Isomorphism between the actions of $G$ on $G/H$ and $G/gHg^{-1}$?
We want a bijection that is well-defined. If $xH=yH$, then $y^{-1}x\in H$, hence $gy^{-1}xg^{-1}\in gHg^{-1}$, hence $yg^{-1}(gHg^{-1}) = xg^{-1}(gHg^{-1})$.
So, how about mapping the coset $aH$ to the coset $ag^{-1}(gHg^{-1})$?
Why that and not try something like “hence $gy^{-1}g^{-1}gxg^{-1}\in gHg^{-1}$, hence $gxg^{-1}(gHg^{-1}) = gyg^{-1}(gHg^{-1})$; so let’s define the image of $aH$ to be $gag^{-1}(gHg^{-1})$”, which was your second attempt? Because that extra $g$ on the left interferes with the action of $G$, whereas mapping $aH$ to $ag^{—1}(gHg^{-1})$ won’t run into that problem.

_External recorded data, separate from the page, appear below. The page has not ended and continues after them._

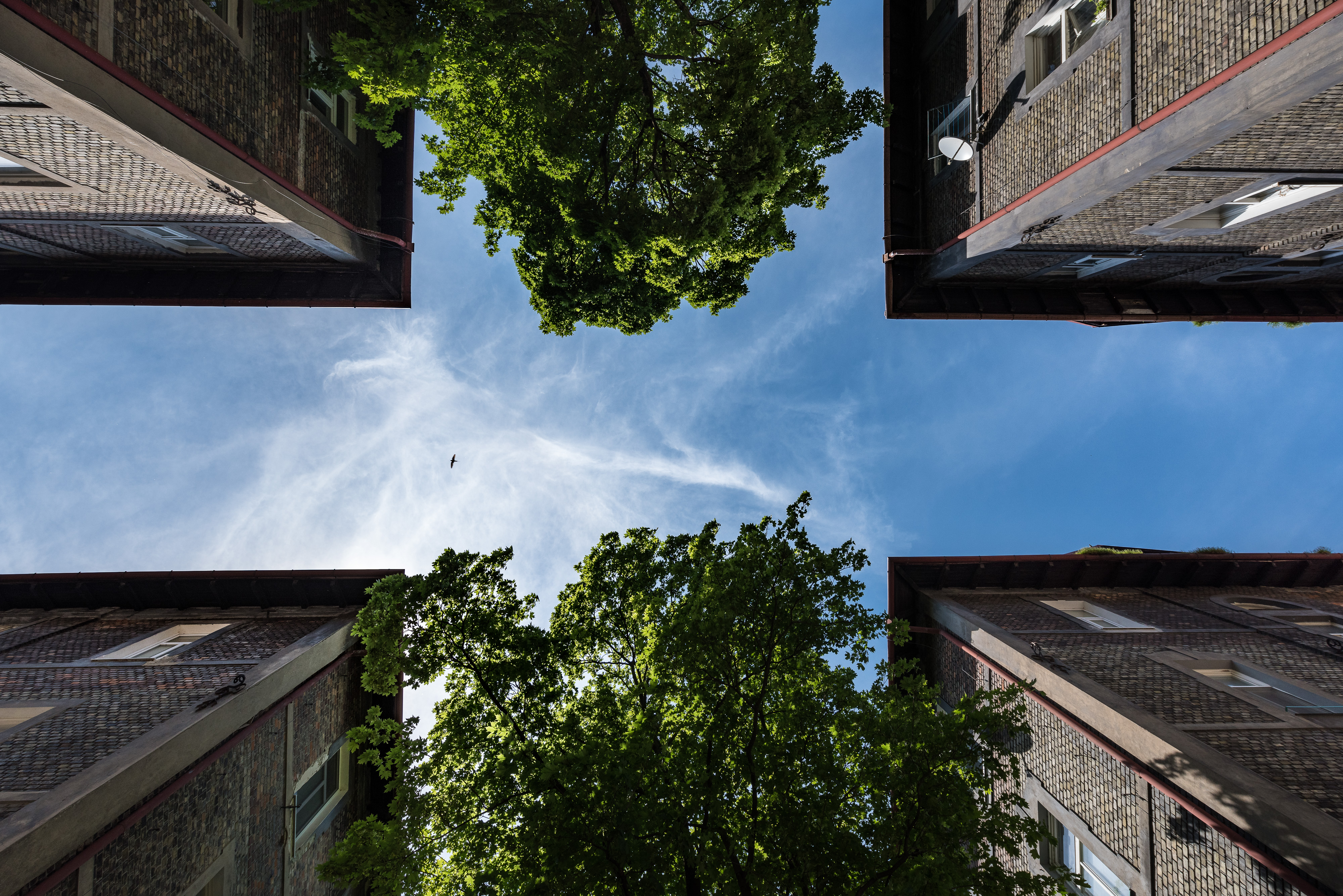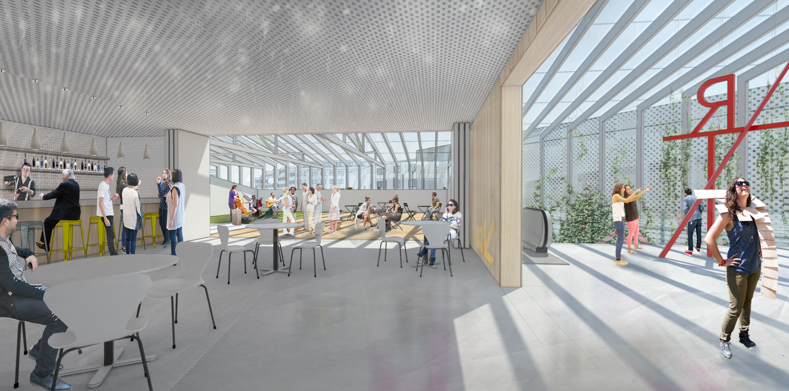 Na najvyššej úrovni vznikli veľké terasy pre návštevníkov centra. Môžu tu tráviť svoj voľný čas a oddychovať na slnku. V prvom boxe sa nachádza kaviareň, ktorá je napojená ako na terasy, tak aj na galériu. V ostatných boxoch sa nachádzajú klubové a stretávacie miestnosti pre komunity. Jednotlivé boxy sú prepojené pobytovými mostíkmi, z ktorých sa dá nastúpiť na výťah. Vertikálne jadrá a sociálne zariadenia sa nachádzajú v dvoch krajných boxoch na severnej strane. Po obvode budovy je pochôdzny mostík s kvetináčmi na pestovanie plodín a rastlín. Tieto vertikálne záhrady sú prístupné z jednotlivých boxov. Mostíky sú kotvené do boxov a stužujú sklenenú obalovú konštrukciu.
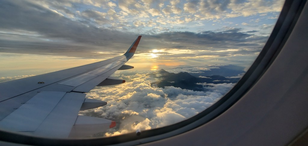 La nuit a été pour le moins compliquée. Pourtant j’avais mis mes boules Quiès et mon masque sur les yeux pour m’isoler un maximum. Arrivé à Singapour, tous les passagers doivent descendre de l’avion puis repasser par la case « Contrôle » avant de remonter dans le même avion une fois celui-ci nettoyé. Je retrouve ma place sandwich mais avec deux autres personnes en guide de pain. Après un vol de 2 heures environ, l’avion se pose enfin à Bali Denpasar … avec 2 heures environ de retard. Il est 22h heure locale.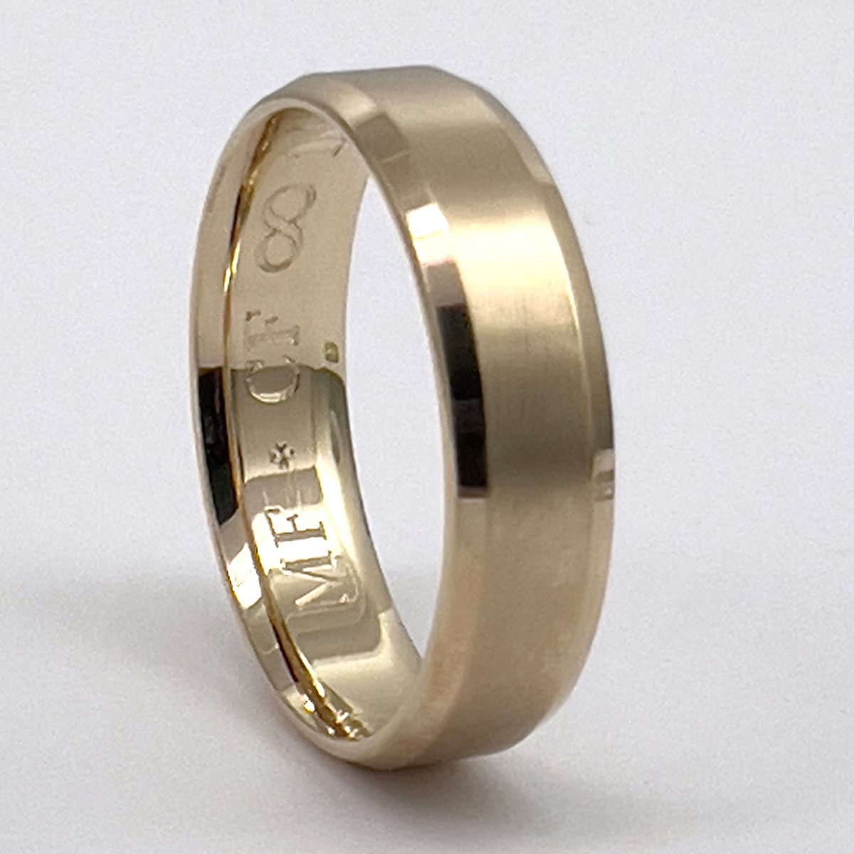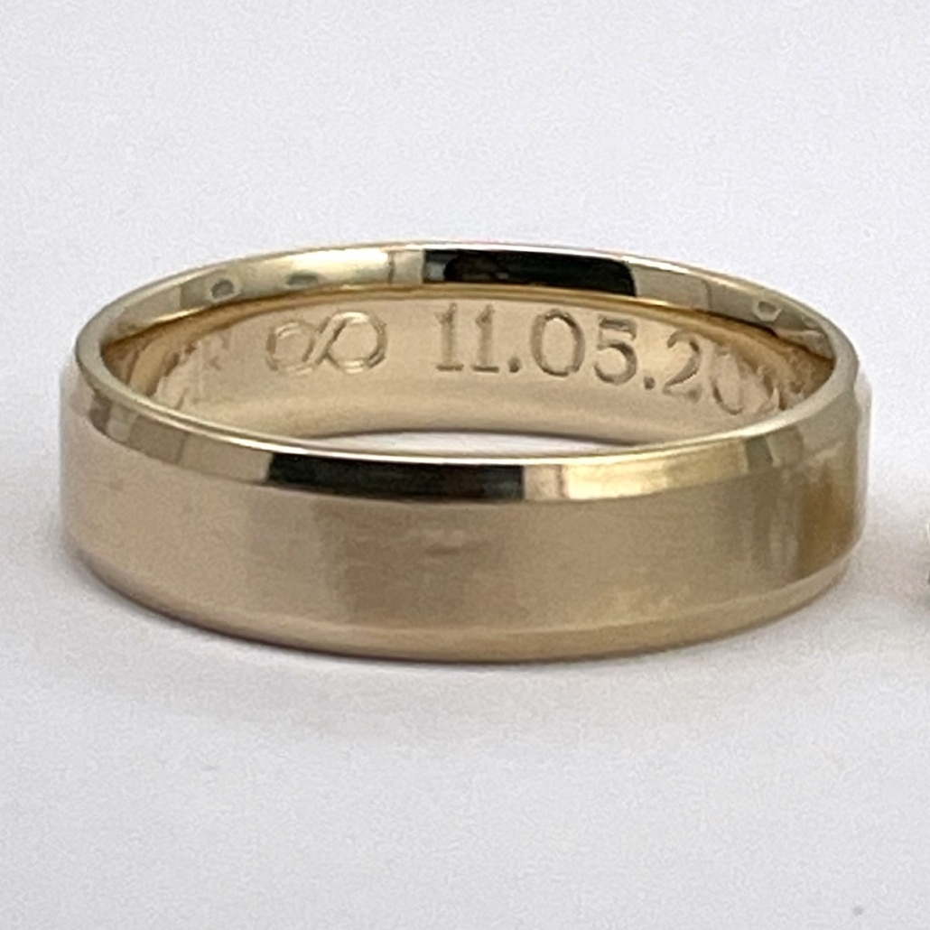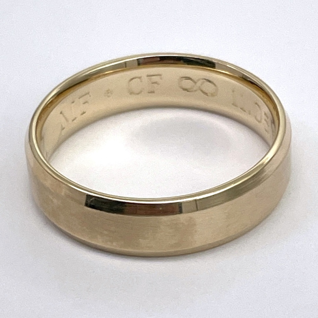 Traditional wedding band made with 14k yellow gold.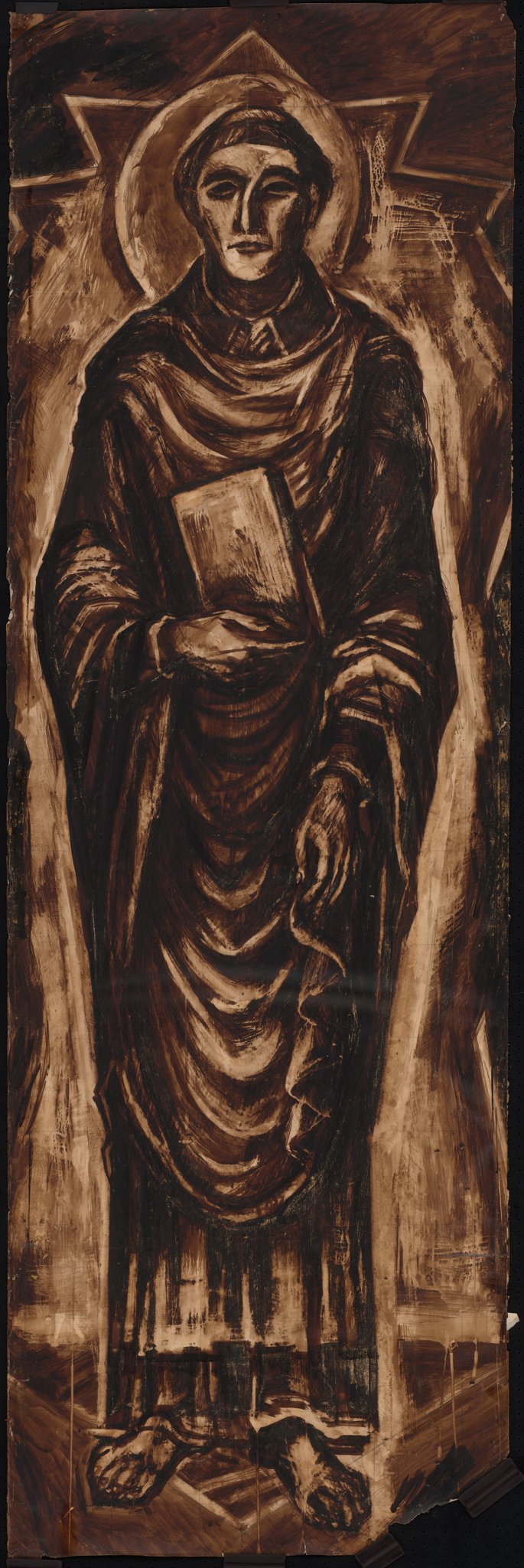 Poncet a réalisé un premier carton pour le vitrail de saint Etienne (MP_25.01) où le saint est beaucoup plus coloré et la figure plus hiératique que dans les projets suivants (MP_25.04 et MP_25.11), travaillés à la sépia, où Poncet confère une forte corporalité et personnalité au personnage. Sur les vitraux, la couleur est nuancée par une forte grisaille, et surtout présente dans les bordures très originales en pointes de diamant. Pour les deux vitraux du choeur, les figures de saint Pierre et Paul sont entièrement traitées en camaïeux de bruns noirs, sans couleur. Comme pour les vitraux de Gstaad, réalisés en 1932, Poncet semble donc glisser d'une première idée de verrières colorées au style plus conventionnel, à un résultat beaucoup plus sombre, où la technique de la sépia répond à la grisaille abondante des vitraux. Ces cartons fournissent donc de précieuses informations sur la réflexion de l'artiste pour la création de ce cycle.

Alternatively, you can recognize the map $aH\mapsto ag^{-1}(gHg^{-1})$ as the result of your second map followed by “multiply by $g^{-1}$ on the left”. Essentially, it partially does the conjugation you want to do, but codes it into the bijection instead of into the action.